The widespread applicability of the Cisco Secure Service Client across both wired and wireless networks ensures consistent function, capability, and coverage. Fully centralized management further eases the administrative burden, enabling straightforward deployment of multiple location-specific end-user profiles (different policies that apply when the user is in the office, on the road, or operating from home). Credential management capabilities include support for single sign-on and are fully compatible and nondisruptive to client-side scripting and other device startup processes that organizations may have implemented. Furthermore, by establishing a presence on client devices, the Cisco Secure Services Client provides a foothold for both current and future client management and security capabilities.
Reduced Total Cost of Ownership
The Cisco Secure Services Client also helps to reduce operational costs. Stronger security means fewer network intrusions, and therefore fewer incidents from which to recover. And simplified management means greater efficiency for time-challenged administrators. A unified user experience also comes with cost benefits: reduced training for users and, perhaps more importantly, reduced training costs for and reliance on help desk and related support staff.
The issue with using free supplicant software is not always one of compatibility.
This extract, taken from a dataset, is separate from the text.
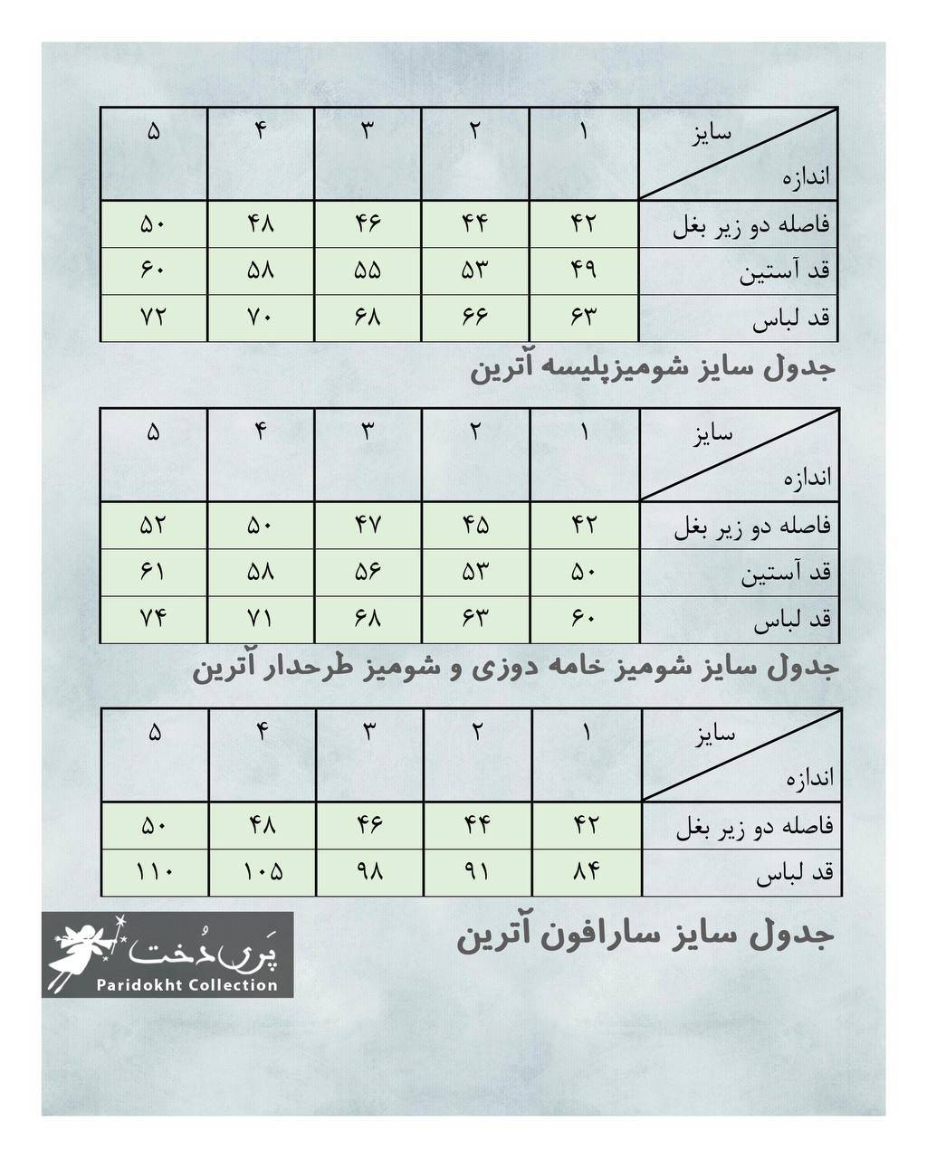 (برای اندازه گیری فاصله دو زیربغل را از روی لباسی که مناسبه مثل شومیز یا مانتو اندازه بزنید و با جدول سایز درج شده در تصاویر چک کنید)

Of greater concern are the costs associated with overcoming the complexity of managing a diverse arrangement of client software, when organizations are already suffering from agent overload.
Foundation for Intelligent Services
The Cisco Secure Services Client establishes a foundation for both current and future intelligent network services. In addition to providing a uniform framework for obtaining and taking advantage of user and identity information-which itself has additional capacity for development-this flexible software client has the potential to support a wide variety of valuable capabilities, including:
• Secure and seamless wireless roaming
• Enhanced client protection
• Voice over WLAN
• User-centric performance management
Enterprises must continue to secure access to their networks. 802.1X technology holds promise for helping enterprises manage their security issues, but only a solution such as the Cisco Secure Services Client can fully address enterprise security needs. This flexible software supplicant enables an end-to-end Cisco security solution that is part of the Cisco Unified Wireless Network, Cisco Identity-Based Networking Services, and the Cisco Network Admission Control solution. By supporting multiple device types and access across both wired and wireless networks, the Cisco Security Services Client delivers stronger security, improved client management, and reduced cost of ownership.